There are claims that Nigerian students who studied abroad pick jobs easily, or generally fare better than their locally schooled counterparts in international labour market. If this is true, what reasons would you advance for the trend?

As you know, human capital is the most important factor in the production mix. Corporate bodies (both public and private) will source for the best material available and pay premium salaries and other allowances to attract and retain them. The reality of our present age is that we live in a global world, where information now travels at the speed of light. So it is relatively easier for people educated abroad to get jobs before those who schooled locally. This is the reality and it supports my earlier view, knowledge adds value.

It is a bit rare to have full scholarship in schools in the United Kingdom, with the schools you are in partnership with, are there opportunities for Nigerian students to benefit from the scholarship schemes of the institutions or work while studying?

There are opportunities for scholarships in few universities, but the criteria are high and stringent. Our students are welcome to explore these opportunities. Also, the immigration laws in the UK allow students to work different maximum numbers of hours per week during term time, depending on their course of study and unlimited hours during school holidays. We guide our students carefully in this area.

Research has shown that a good number of international students seeking overseas education lack adequate information and career guidelines that would influence them in taking decisions. How does your firm help in this regard?

ForwardLeap provides our students with career guidance and advice on their choice of course of study from the beginning. We seek to match the student's interests with their academic strength as evidenced by their results.

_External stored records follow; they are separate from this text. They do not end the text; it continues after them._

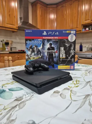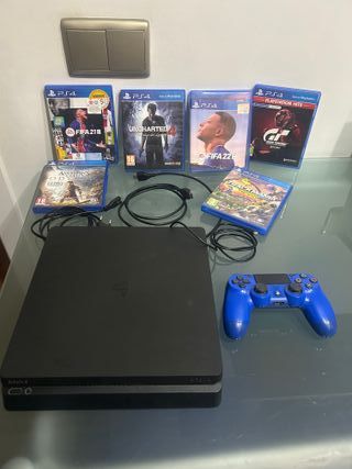 PlayStation 4 Slim en perfecto estado. Incluye una consola y un mando. - Consola en muy buen estado. - Mando perfecto pero con algún signo de uso. Con caja y precio negociable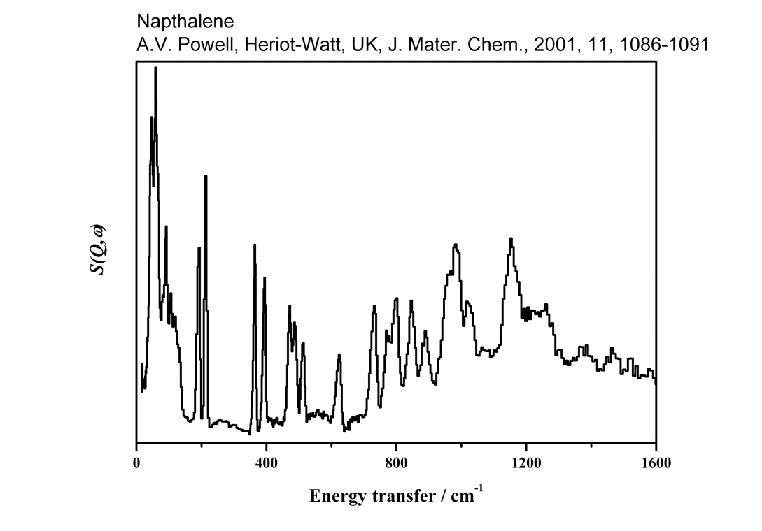 Inelastic Neutron Scattering spectrum of Napthalene, C₁₀H₈, measured on the TFXA instrument.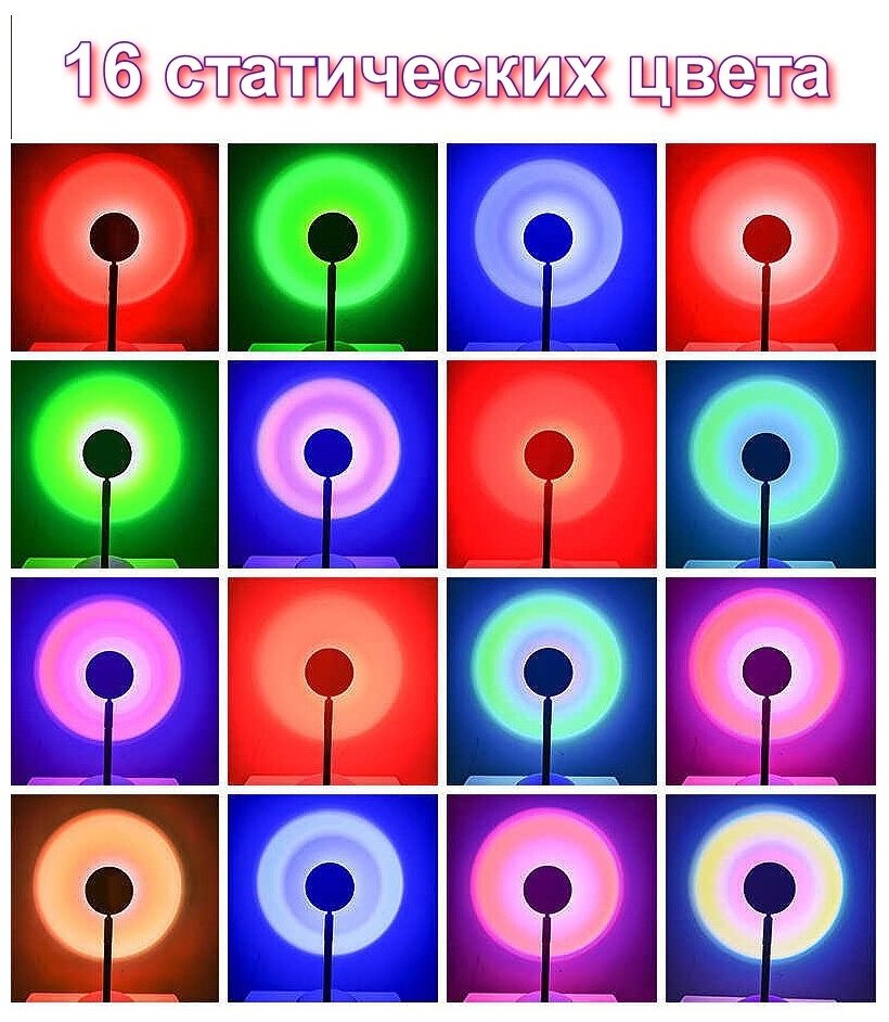 Цветная rgb лампа "Закат" с пультом для фото и атмосферы, настольный декоративный светильник светодиодный (16 цветов) интересное:
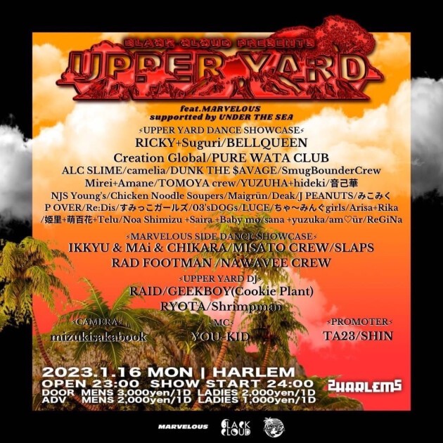 UPPER YARD DANCE SHOWCASE: RICKY+Suguri, BELLQUEEN, camelia, SmugBounderCrew, ALC SLIME, NJS Young’s, DUNK THE $AVAGE, TOMOYA crew, Mirei+Amane, YUZUHA+hideki, 音己華, Maigrün, Deak, J PEANUTS, みこみく, P OVER, Re:Dis, すみっこガールズ, 03'sDOGs, LUCE, ちゃ〜みんぐgirls, Arisa+Rika, 姫里+萌百花+Telu, Noa Shimizu +Saira +Baby mo

What practical steps would you recommend for Nigerian leaders to take in order to rejuvenate and improve education our ailing education system?

In order for education to improve in Nigeria, good and transparent governance must be enthroned through the building of strong and viable political and economic institutions. The people must take serious and proactive interests on the calibre and quality of the people that seek to lead them at various levels. Above all, the rule of law must be given a pride of place.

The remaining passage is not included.